RECORDED DATA below:
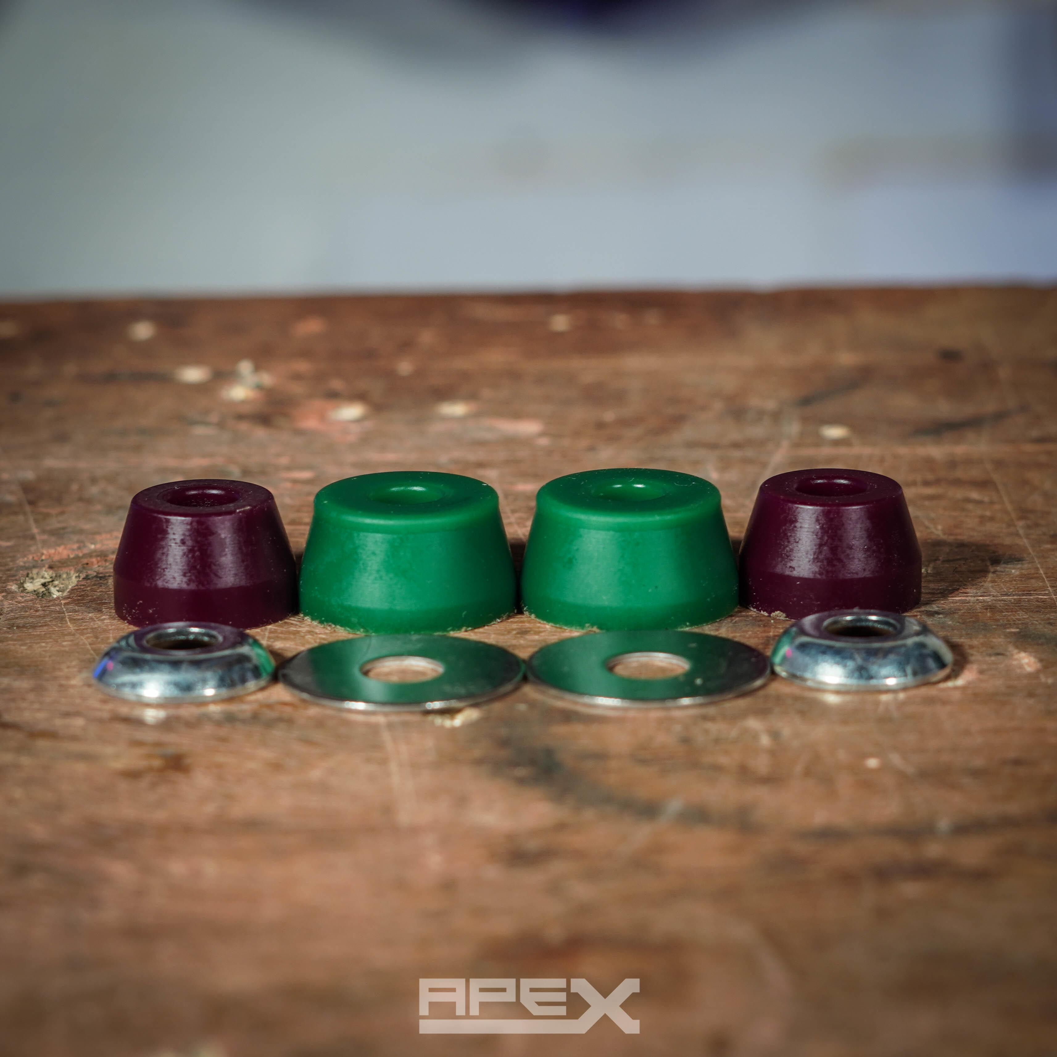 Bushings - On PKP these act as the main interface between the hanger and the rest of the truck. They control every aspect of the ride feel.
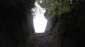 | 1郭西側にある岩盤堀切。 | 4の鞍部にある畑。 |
End of RECORDED DATA.
RECORDED DATA below:
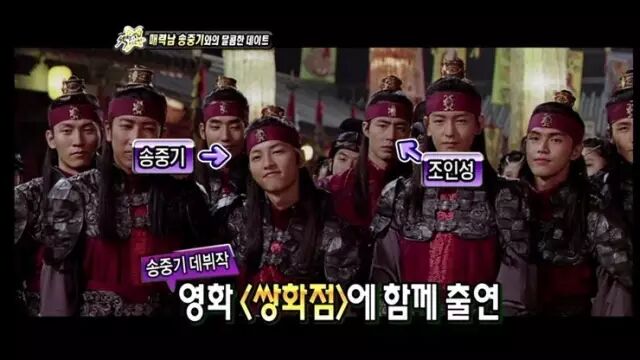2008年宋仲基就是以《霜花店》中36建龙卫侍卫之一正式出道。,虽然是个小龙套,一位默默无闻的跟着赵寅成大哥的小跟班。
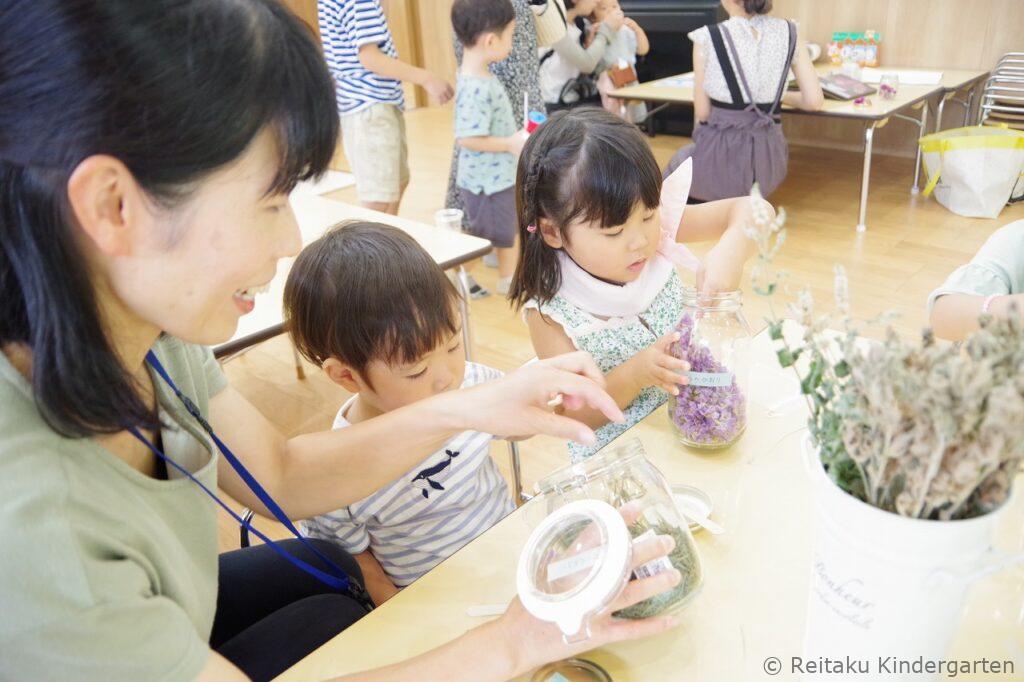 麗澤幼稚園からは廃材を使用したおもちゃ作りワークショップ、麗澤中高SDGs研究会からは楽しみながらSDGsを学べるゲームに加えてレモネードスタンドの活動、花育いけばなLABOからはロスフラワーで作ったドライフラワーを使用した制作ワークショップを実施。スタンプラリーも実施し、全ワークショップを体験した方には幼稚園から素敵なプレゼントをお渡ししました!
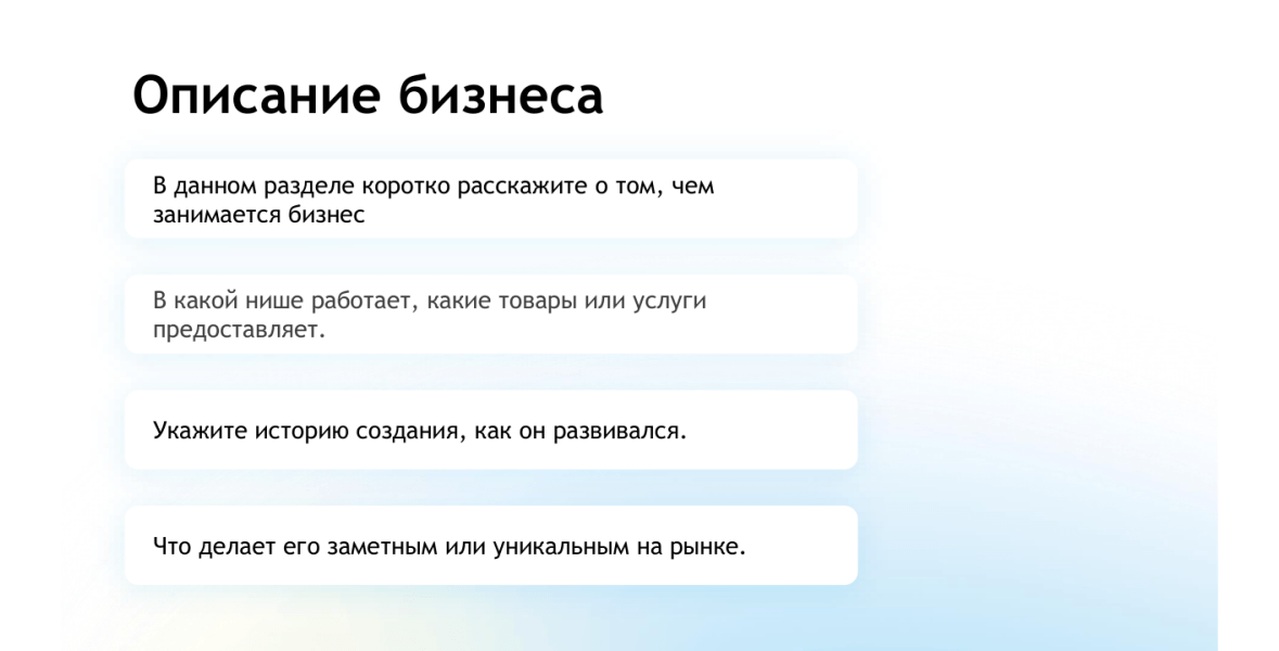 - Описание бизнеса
End of RECORDED DATA.
RECORDED DATA below:
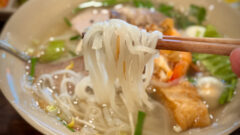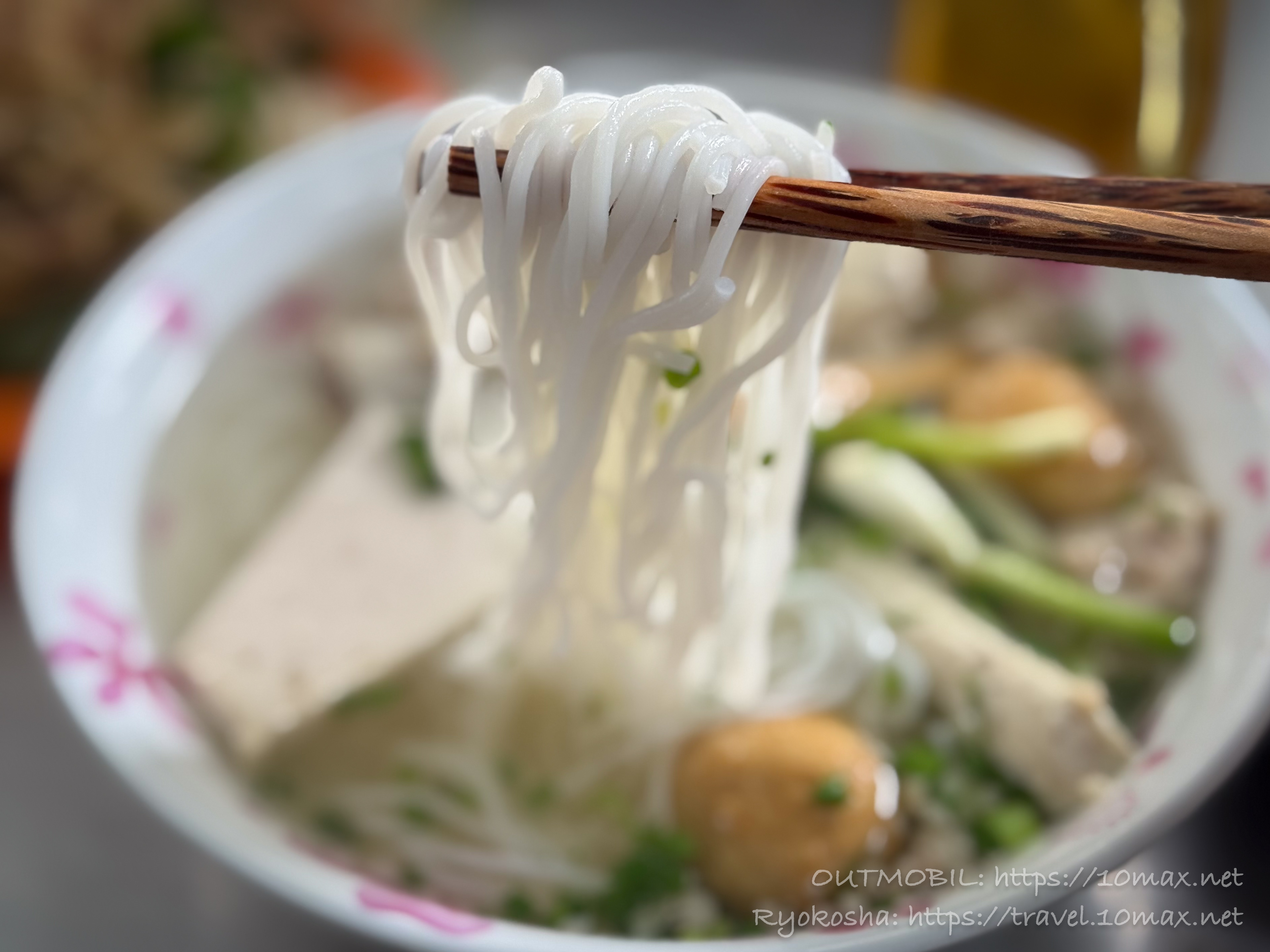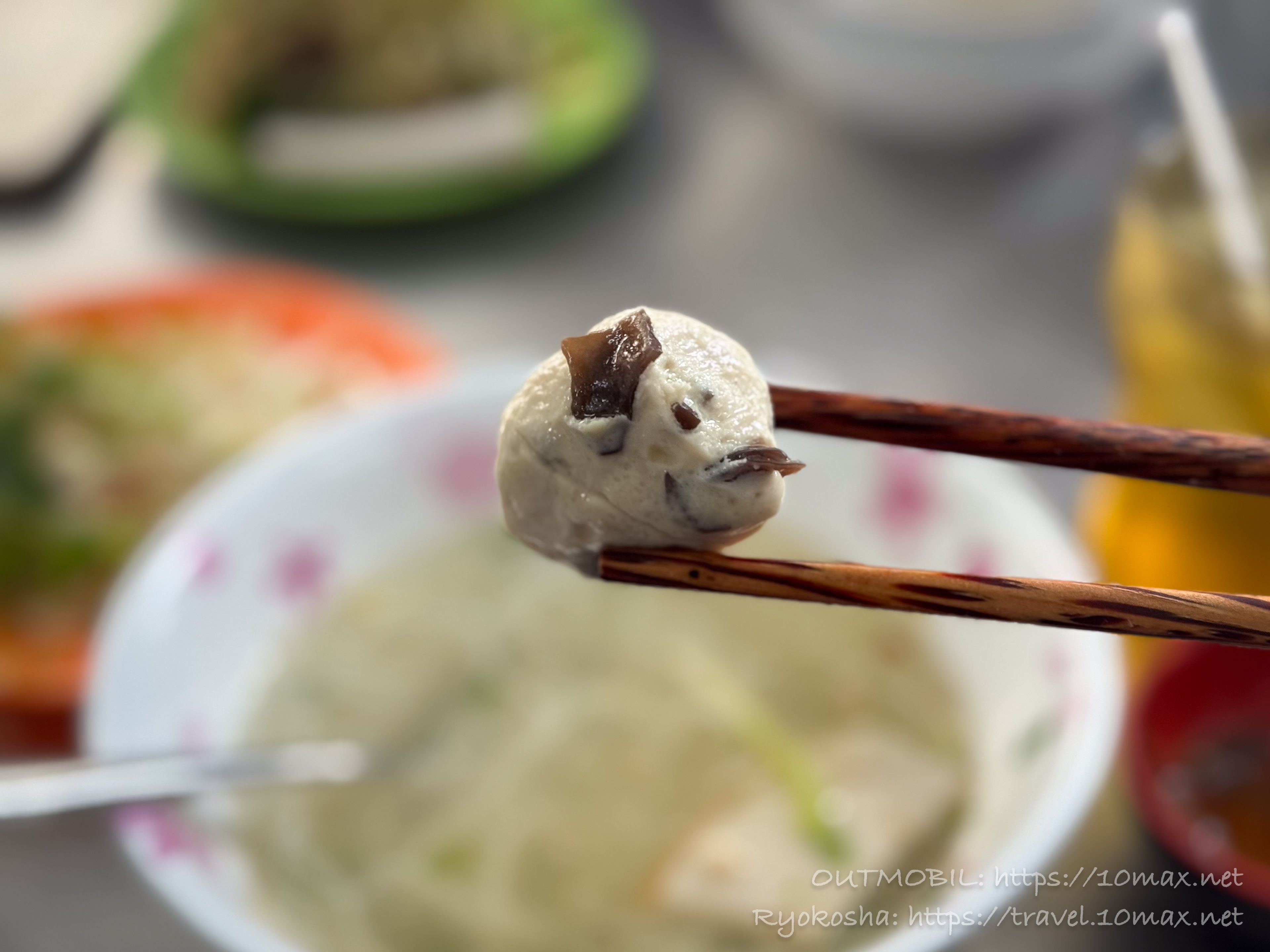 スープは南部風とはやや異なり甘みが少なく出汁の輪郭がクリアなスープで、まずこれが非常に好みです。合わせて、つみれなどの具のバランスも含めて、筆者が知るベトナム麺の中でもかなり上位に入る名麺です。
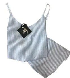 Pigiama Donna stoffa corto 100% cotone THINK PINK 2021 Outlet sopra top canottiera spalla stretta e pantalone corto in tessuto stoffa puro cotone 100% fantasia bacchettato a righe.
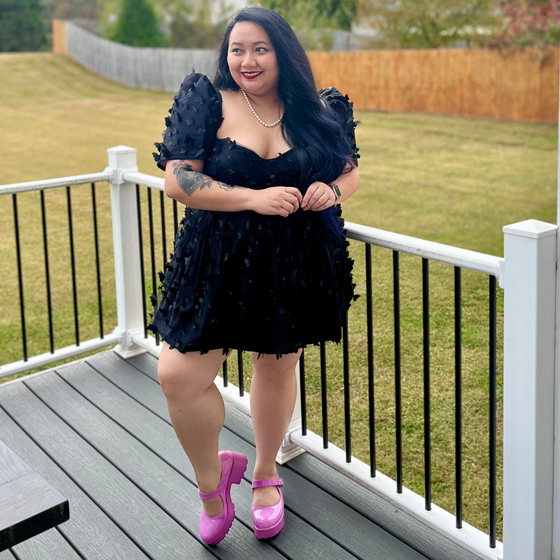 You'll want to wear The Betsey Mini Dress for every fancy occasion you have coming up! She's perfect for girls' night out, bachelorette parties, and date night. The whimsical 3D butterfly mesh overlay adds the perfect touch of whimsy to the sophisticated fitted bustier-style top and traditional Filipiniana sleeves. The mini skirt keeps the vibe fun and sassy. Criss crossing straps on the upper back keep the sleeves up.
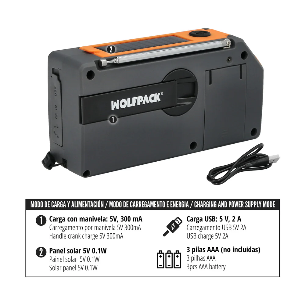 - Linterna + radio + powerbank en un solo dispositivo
End of RECORDED DATA.
● TRY IT: Transcribe only this stretch of the data: the line with "スープは南部風とはやや異なり", the line with "Pigiama Donna stoffa", and every line in between. Leave out the pictures.

● EXPECTED ANSWER:
 スープは南部風とはやや異なり甘みが少なく出汁の輪郭がクリアなスープで、まずこれが非常に好みです。合わせて、つみれなどの具のバランスも含めて、筆者が知るベトナム麺の中でもかなり上位に入る名麺です。
 Pigiama Donna stoffa corto 100% cotone THINK PINK 2021 Outlet sopra top canottiera spalla stretta e pantalone corto in tessuto stoffa puro cotone 100% fantasia bacchettato a righe.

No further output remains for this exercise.